R.C. Bhargava is a veteran of travelling with Indian Prime Ministers. For nearly two decades, the Maruti chairman has been listening to Indian prime ministers on foreign tours tell the world about the lure of India: a massive market, young workforce, and a growing economy. But, he says, “beyond the hype, which is cyclical, was the reality of India, where doing business was often very difficult”. India’s consistent low rank in the World Bank Ease of Doing Business index also sieved PR from reality.

And then, Bhargava travelled with Narendra Modi to Japan last year. “He said ‘We know that businesspeople face a lot of problems. We are committed to solving those problems. I am personally responsible for solving those problems’,” says Bhargava. “The big difference is that no Prime Minister before Modi took personal responsibility to fix things on the ground. It was always about population size, youth, none of which they had any role in. But Modi is far more realistic. He knows that just because there is a big market does not mean business can happen there.”
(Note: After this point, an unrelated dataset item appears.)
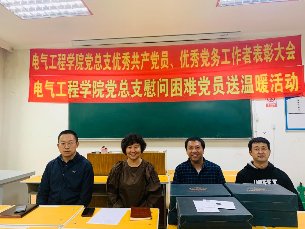 2020年9月18日,电气工程学院在工匠楼301室举行了,优秀党员、优秀党务工作者的表彰和困难党员慰问的活动。电气工程学院党总支对教工党支部和学管党支部的全体共产党员进行了党员自评、群众测评、党内互评、党支部评议等工作,经过严格考核和公开评议,经过各党支部推荐、测评,经党总支上报,校党委研究批准,王莉、姜玲、黄雨鑫3人获得优秀共产党员称号;田浩鹏、王强获得优秀党务工作者称号。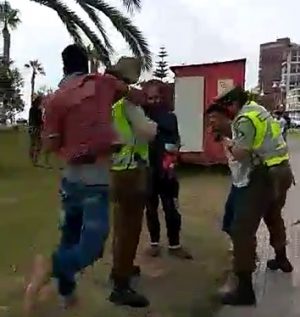 Verdadera conmoción causó en la ciudad, la violenta respuesta a dos policiales que hacían control en la Playa Cavancha, siendo agredidos cuando intentaban detener a un grupo de hombres, tras sorprenderlos con droga. Los cuatro detenidos resultaron ser migrantes, tres de ellos fueron llevados a constatar lesiones al Hospital de Iquique.

It seems a bit of a dramatic conversion, but the fact is that for Bhargava and his peers, this is one of the big differentiators of the BJP-led government—how Modi is trying to redefine foreign policy. At its core, it’s about bringing some realism to the rhetoric. For instance, since 2006 there has been a person in the Prime Minister’s Office to help with Japanese investments. Modi has transformed this into a Japanese cell, which will include two nominees from Japan. The idea is that the Japanese will know exactly what their companies need. There’s a similar provision made for American investors, where a senior joint secretary will head a small team to focus on investors from the U.S. (So far, there have been no announcements about whether similar teams will be set up for other countries.)

IT'S NOT A NEW idea by any stretch; India has been trying to put business first in its diplomacy for many years. Rajiv Gandhi was the first to introduce some business-friendly measures to foreign policy, including making the Prime Minister’s office responsible for helping foreign investors. Shashi Tharoor, former minister of state for external affairs in the Congress Party-led government of Prime Minister Manmohan Singh, says Singh set the ball rolling by ensuring that all embassies got the message that they had to be “aggressive centres of propagating trade”.
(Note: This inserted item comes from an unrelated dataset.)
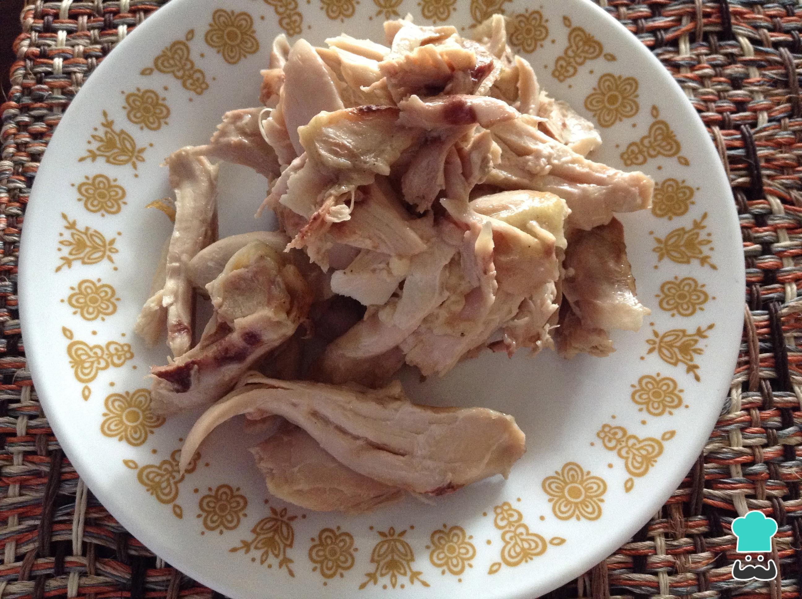 Após o passo anterior, desfie o frango e rejeite as peles e os ossos.

But in spite of the past push, there is a perceptible difference in the Modi way as seen from his visits from Japan to Australia. The think tank Carnegie Endowment for Global Peace says “geoeconomics” (also known as neomercantilism, where the government pushes for greater exports than imports) is the guiding force in India’s foreign policy under Modi.

What Modi is doing, says Tharoor, is “adding rhetorical prominence to economic diplomacy”.
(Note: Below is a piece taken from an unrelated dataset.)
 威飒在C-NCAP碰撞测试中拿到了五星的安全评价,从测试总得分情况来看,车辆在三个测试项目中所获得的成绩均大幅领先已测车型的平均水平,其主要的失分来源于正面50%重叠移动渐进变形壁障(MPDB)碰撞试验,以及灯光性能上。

The renewed economic push stems from a couple of factors. One, it’s important to remember that Modi’s key constituency has always been the business community; previous (non-BJP) governments had a socialist bias, at least on paper. Kanwal Sibal, former foreign secretary of India, explains. With Prime Minister Singh, he says, the government was impeded even in its first term by the creation of the National Advisory Council, a pressure group of Left-leaning activists headed by Congress Party president Sonia Gandhi, Singh’s boss within the party. Modi has no such shackles, and as a result, says Sibal: “We are no longer afraid to break the rules.”

Two, Modi is reinventing himself from the successful chief minister of a state to a world leader. And in this effort, says Sibal, he’s taking the pitch that “India has the power to deliver”, rather than “India seeking assistance”, which is the line Manmohan Singh and his predecessors used. (Interestingly, it is at this time that after spending most of its independent history as a net recepient of aid, India is now a net donor.) This is something that has struck foreign policy expert Richard M. Rossow, senior fellow and Wadhwani chair of U.S.-India policy studies at the Washington-based Centre for Strategic and International Studies. “The BJP government is not guided by India’s traditional policy of non-alignment,” Rossow says. He adds that the election of a business-friendly government is a positive for the country.

Veteran Indian bureaucrat N.K. Singh tells me an anecdote when asked what he thinks of Modi’s attempts to marry foreign policy with business. (Disclosure: Singh joined the BJP from the Janata Dal a few months ago.) Singh was at a dinner at Tokyo’s Akasaka Palace, hosted by the Japanese government to welcome Modi during his first visit to a major foreign country after taking over. He met Osamu Suzuki, the 84-year-old chairman of Suzuki Motor, and Suzuki seemed enthusiastic about Modi’s victory. Maruti Suzuki had been in India for decades, and owed much of its initial success to the Congress government of the day, so Singh asked him about this new enthusiasm. “The [Maruti Suzuki] factory in Gujarat will be the fastest installation of any of our factories anywhere in the world—and I can drink beer in it!” explained Suzuki. This was a special permit that the Gujarat government (which has, otherwise, imposed full prohibition in the state) occasionally hands out, and when Modi was chief minister, he had given one to Suzuki.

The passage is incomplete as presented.